In 1948 the National Health Service was founded and the Norfolk and Norwich Hospital became an NHS hospital. Major expansion took place at the Norfolk and Norwich Hospital in the late 1960s with the construction of a ten-storey maternity block, opened by the Queen Mother in 1968. A new main ward block, diagnostic and treatment area, and a teaching centre were all built in the 1970s.

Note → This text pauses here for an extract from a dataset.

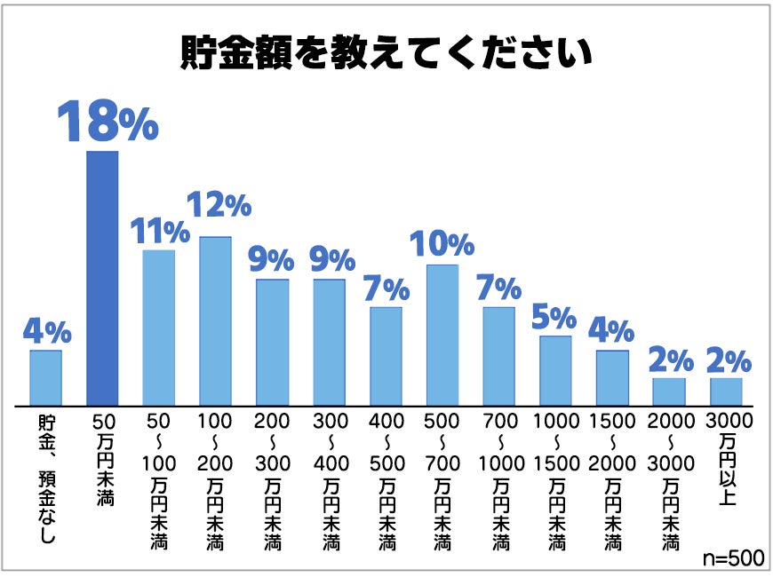 最も多いのは、「50万円未満」となりました。「預貯金なし」から「200万円〜300万円未満」までで半数ですが、これを多いとみるか、少ないとみるか。年代によっても解釈は違ってくるでしょう。

===Closure and demolition===
By late 2001 most of the clinical services had left the Norfolk and Norwich Hospital for the new university hospital on the Norwich Research Park with the last departments vacating the site in January 2003.

In October 2002 a thanksgiving service was held at Norwich Cathedral to mark the contribution the Norfolk and Norwich Hospital and its staff had made over the centuries. Around 800 staff, patients and visitors attended the service of thanksgiving for the old hospital.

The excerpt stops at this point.